Diffuse hair loss involves significant and consistent loss of hair on the scalp. In this type, there are distributed patches. Usually, it is one large portion of the scalp, which either starts from the front or the middle. This is common in men baldness. System imbedded diseases are common causes of diffuse hair loss including cancer and endocrine disease.

Alopecia Areata

This is an autoimmune condition where the body fights its own components, in this case, hair follicles. There are no medical tests to ascertain the causes of this condition because it does not involve any systemic problems. While you may have health challenges, they are not related to hair loss in this regard. Alopecia areata is characterized by small quarter-sized circles of hair loss on the perfectly glowing scalp. Sometimes, the whole scalp suddenly turns bald. This is an extensive form of hair loss, known as Alopecia totalis. Usually, hair regrows in these portions of the scalp even in alopecia totalis within three to six months. While it is prevalent on the scalp, this condition can also affect beards and eyebrows.


Causes of alopecia areata are yet to be established. However, the condition is largely associated with high stress levels. Nevertheless, it can be a cause of stress by itself.

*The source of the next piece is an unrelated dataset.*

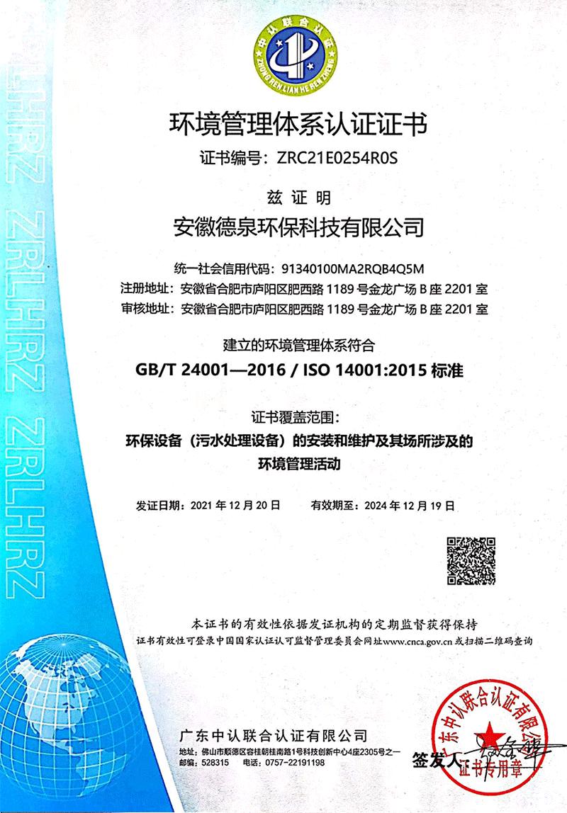 安徽德泉環(huán)??萍加邢薰局铝τ趶U水、廢氣、固廢技術(shù)處理研發(fā)、設(shè)計(jì)、施工及運(yùn)營(yíng)管理,從事環(huán)保設(shè)備及設(shè)施的制造和銷售,為環(huán)保項(xiàng)目系統(tǒng)提供專業(yè)的技術(shù)咨詢和服務(wù)。是一家集建筑勞務(wù)分包,工程總承包(EPC)、項(xiàng)目投資(BOT/PPP)、運(yùn)營(yíng)管理(O&M)于一體的綜合性新型高科技企業(yè)。

Treatment for this naturally occurring condition is often steroid injection, particularly in localized infections. When it occurs in small patches, triamcinolone is used to help the hair regrow much faster. While this is tested and confirmed to be an effective therapy, it may not work in large patches. Instead, oral steroid pills and ultraviolet light forms of therapy are used. Besides, some people opt to cover up the affected areas with artificial hair or even comb hair to cover the area. Today, men choose to clean shave their scalps to create uniformity. It is also a trending style in the 21st century.

Traction Alopecia

Intense and persistent pulling of hair results in this type of hair loss. This is common in women where braids are tightly pulled. Sometimes tight ponytails also cause hair loss. A prolonged strain on the hair follicles leads to breakage of the shaft hence hair falling off. Traction alopecia involves persistent pulling and strain on the hair roots that result in weak hairs thus hair loss. Evidently, this is preventable. Exercise caution on your hairstyles to avoid immense damage.

Tinea Capitis

In medical language, ‘tinea’ means fungal and ‘capitis’ means head. The scalp fungal infection is prevalent in school going children. The condition is common in African American and black African scalps. On the bald spots, you will notice broken hairs. This condition is easily managed with oral antifungals that cure the infection on hair roots.